Род князей Зацепиных, или Время страстей и князей. Том 1 - страница 52

Шрифт
Интервал

стр.

С этими словами государь отошел к другому ученику.

По этому слову великого царя Андрей Дмитриевич через месяц был в Петербурге, а еще через два был в Париже, в тамошнем морском коллегиуме, или навигаторской школе, одном из лучших учебных заведений того времени для изучения точных наук.

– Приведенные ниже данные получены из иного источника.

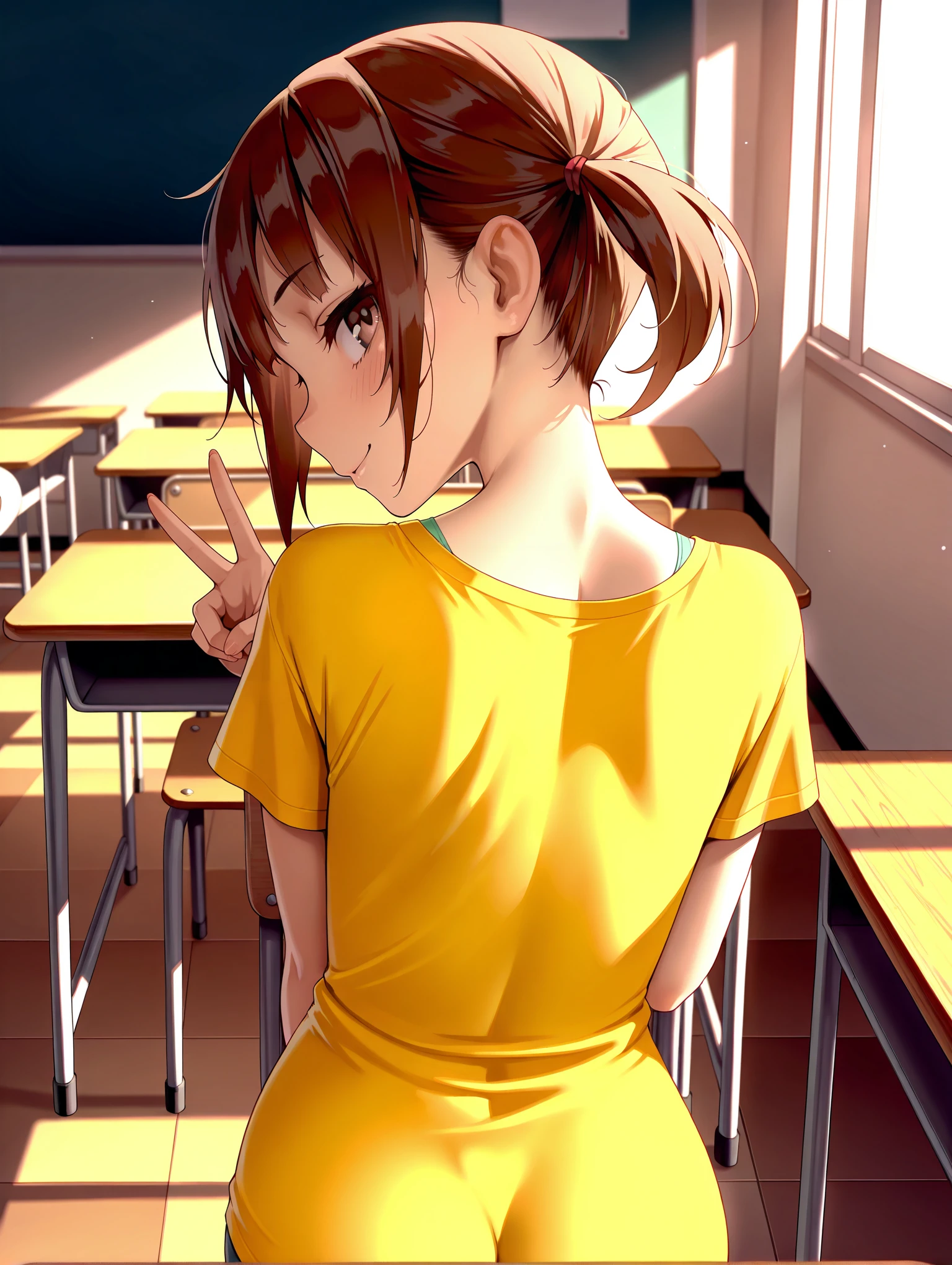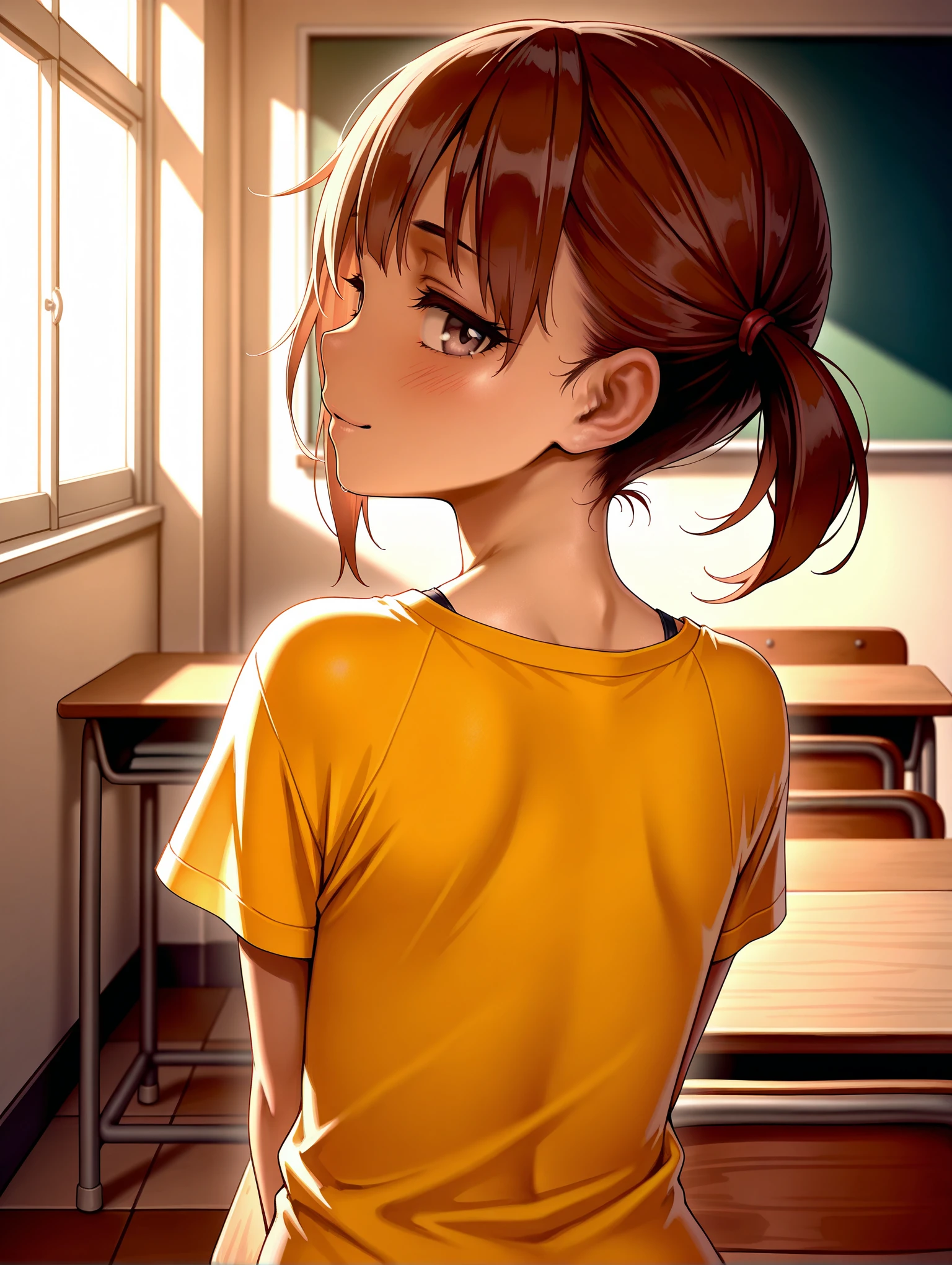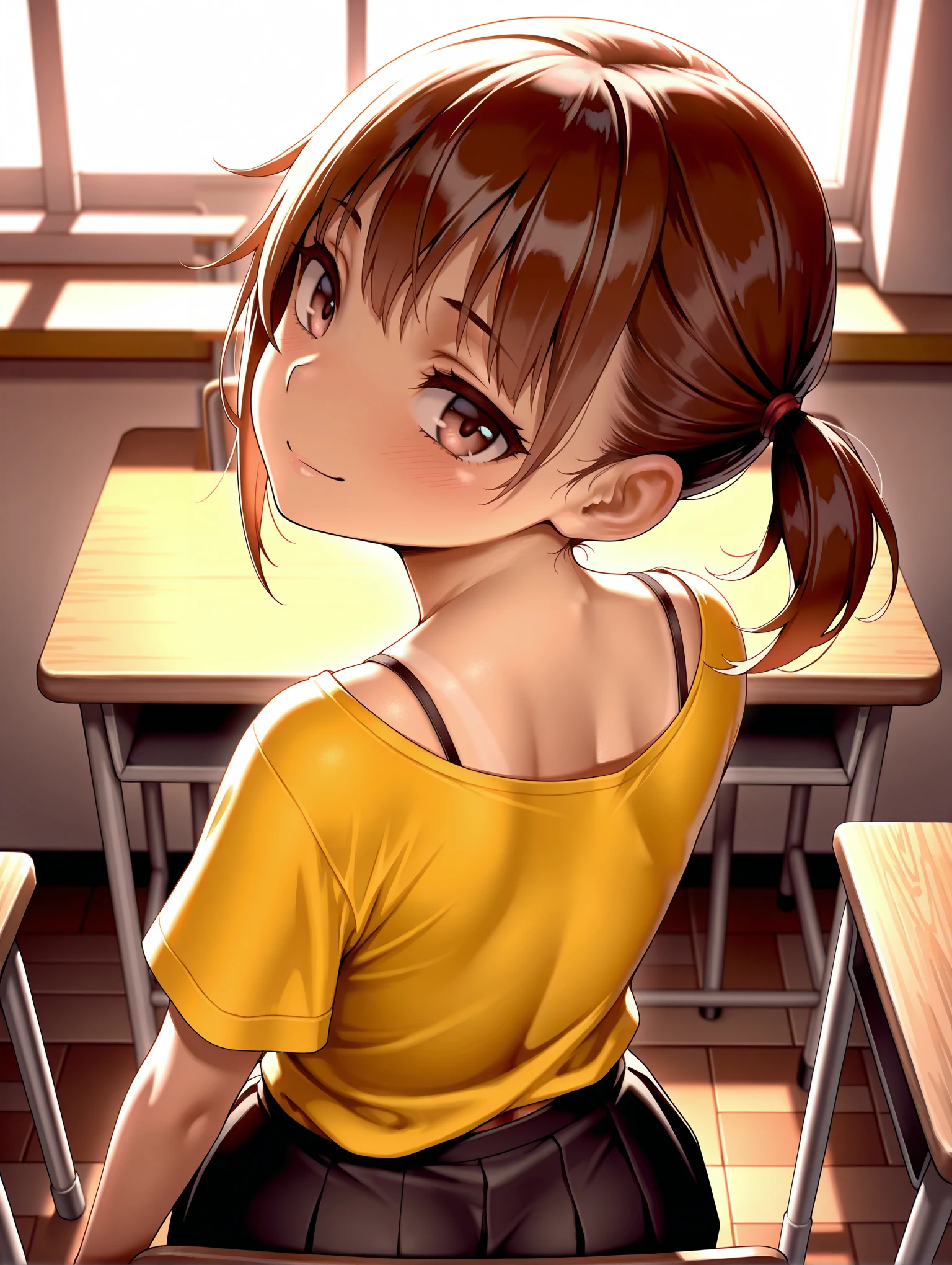 衣装ワード(暫定)・yellow short -sleeved long t -shirt,bra strap,black skirt,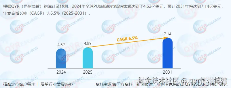 根据QYResearch最新调研报告显示,2024年全球PU热熔胶市场规模达4.62亿美元,预计2031年将增至7.14亿美元,年复合增长率(CAGR)为6.5%(2025-2031)。中国市场增速显著,2024年全球占比约18%,预计2031年将提升至25%,成为全球第二大市场。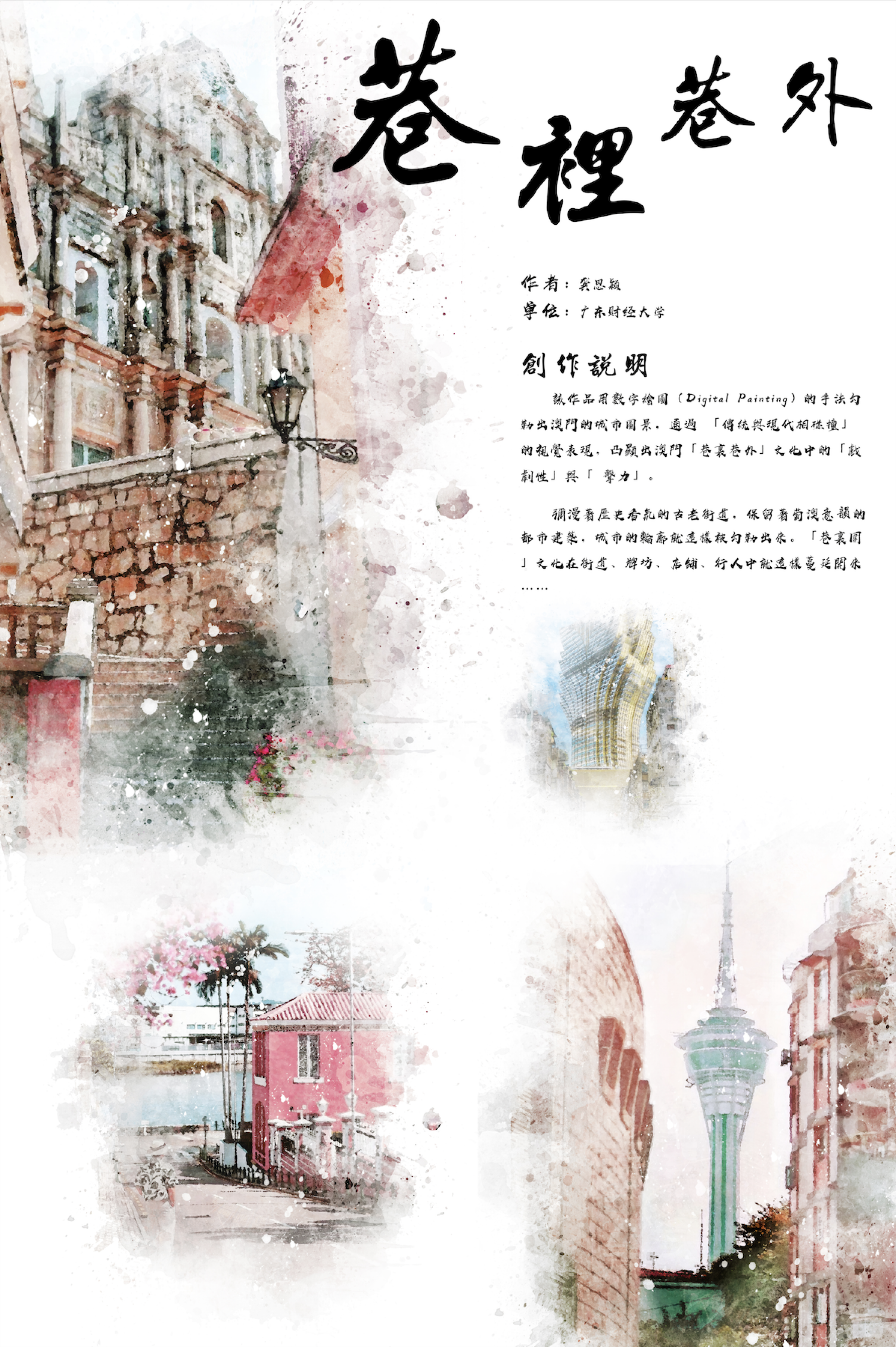 10月20日~11月18日,广东省教育厅主办的“第六届粤港澳大湾区学校设计作品展·第八届广东省高校设计作品学院奖双年展”在佛山弘汉艺术展馆举行。在此次展览中,我校湾区影视产业学院师生共有6件作品参展,包括龚思颖老师的作品《巷里箱外》,余子泓等同学的作品《新手狩猎指南》、蔡起迪等同学的作品《纪元重启》、王婧等同学的作品《遇见·瑶族》、王君茹等同学的组品《印象·妈祖》、陈晓雯等同学的组品《澳门·大三巴 香薰烛台》。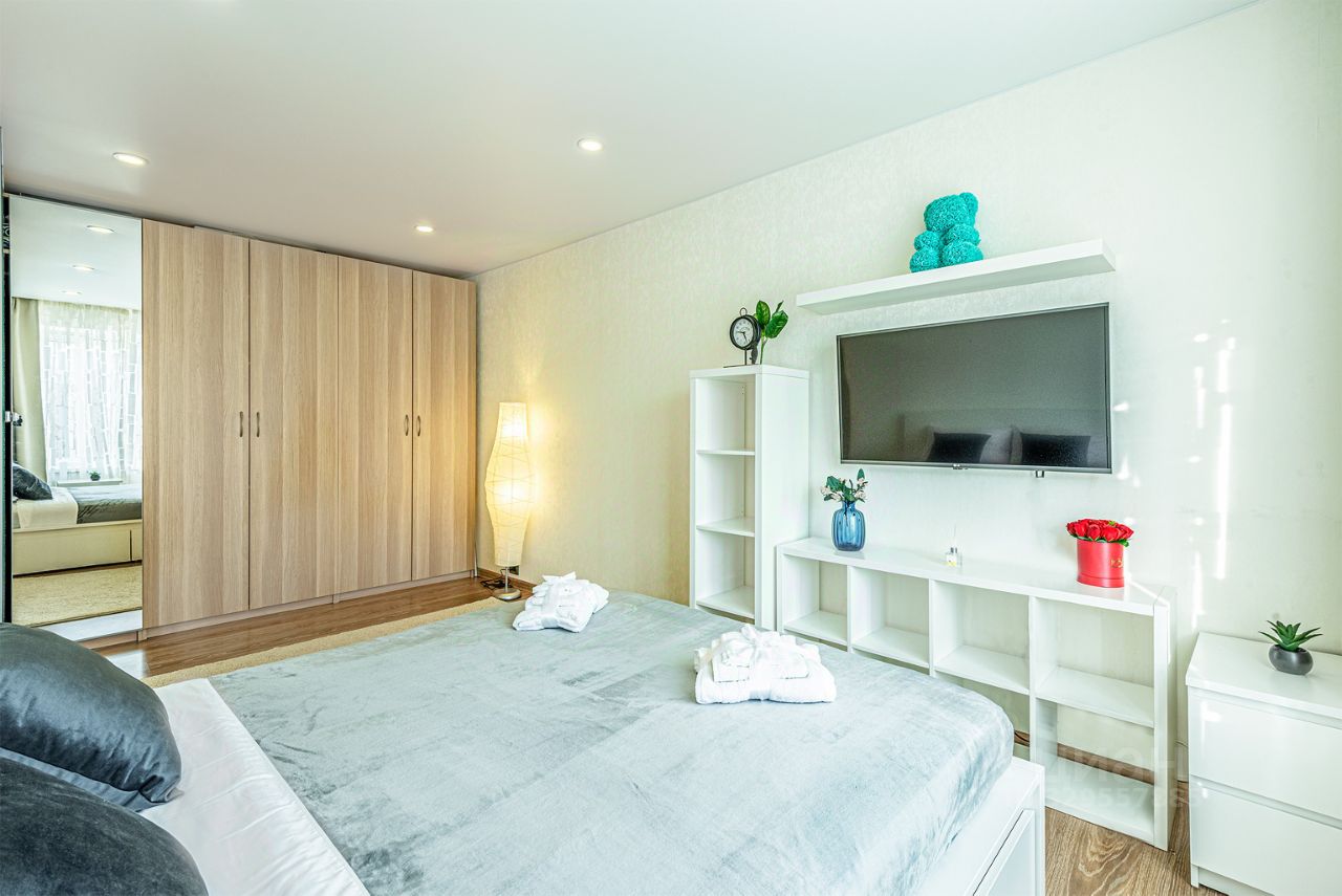 - Вся бытовая техника: посудомоечная машина, стиральная машина, микроволновка, индукционная плита, кондиционер, телевизор со смарт-тв, высокоскоростной интернет
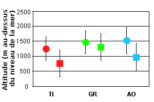 Figure 4 - Répartition des incendies de forêt répertoriés au semestre d’été (mai-octobre) en fonction de leur altitude, au Tessin, aux Grisons et en vallée d’Aoste (période 1980-2003). Cercles: incendies de foudre; carrés: incendies d’origine humaine, barres: écart type

Длинный ряд полутемных зал, идущих параллельно с дортуарами, в которых кровати были расположены фронтом, одна подле другой, с поставленными между ними шкапчиками, с надписанными именами над каждой кроватью и другие порядки форменной, казарменной жизни тогдашнего учебного заведения Франции сперва, разумеется, не могли не отразиться на Андрее Дмитриевиче подавляющим впечатлением. Военный порядок, общая сухость официальных отношений как между товарищами-учениками, так и их надзирателями и начальством, наконец, отсутствие всякой самостоятельности и общая натянутость не могли не ложиться весьма тяжко на молодом дикаре костромских лесов. Он даже захворал от тоски, от чувства гнета, от какой-то отчужденности, какого-то насилия воли. Но природная веселость французов, их общительность, любезность с детства и всегдашняя внимательность к чужестранцу скоро победили в нем это ощущение одинокости, это чувство отчуждения и пустоты, и он стал своим между чужими. Это понятно. Он был еще ребенком, и ребенком веселым, предприимчивым. Все были к нему хороши. Директор, инспекторы, надзиратели, учителя были особенно внимательны к нему, во-первых, по внушению сверху, а во-вторых, зная, что царь, отправляя свою молодежь учиться, не оставляет ее на произвол судьбы. Он следил за каждым ее шагом. А его внимание, понятно, вызывало внимание и ближайших к ним лиц. Ведь никто из них был не прочь получить из этой варварской Московии, в виде милости царя, за успешную подготовку его учеников что-нибудь, хоть какую-нибудь там шубу из этих соболей, которые, говорят, в Москве бегают по улицам. В этих-то своекорыстных расчетах, прикрытых французской любезностью, при том обаянии, которое до сих пор производит на француза титул принца, к княжичу действительно относились как к чему-то особенному, к чему-то, что нужно было щадить, поощрять, выставлять и что, разумеется, не могло не льстить, не поднимать самолюбивого юношу, и до того признававшего себя чем-то выше обыкновенного смертного, в десять лет от роду хорошо помнившего длинный ряд великих князей, от которых он происходит, и умевшего указать, что вот одна из княжон этой длинной вереницы его предков, именно дочь Ярослава Мудрого, была французской королевой.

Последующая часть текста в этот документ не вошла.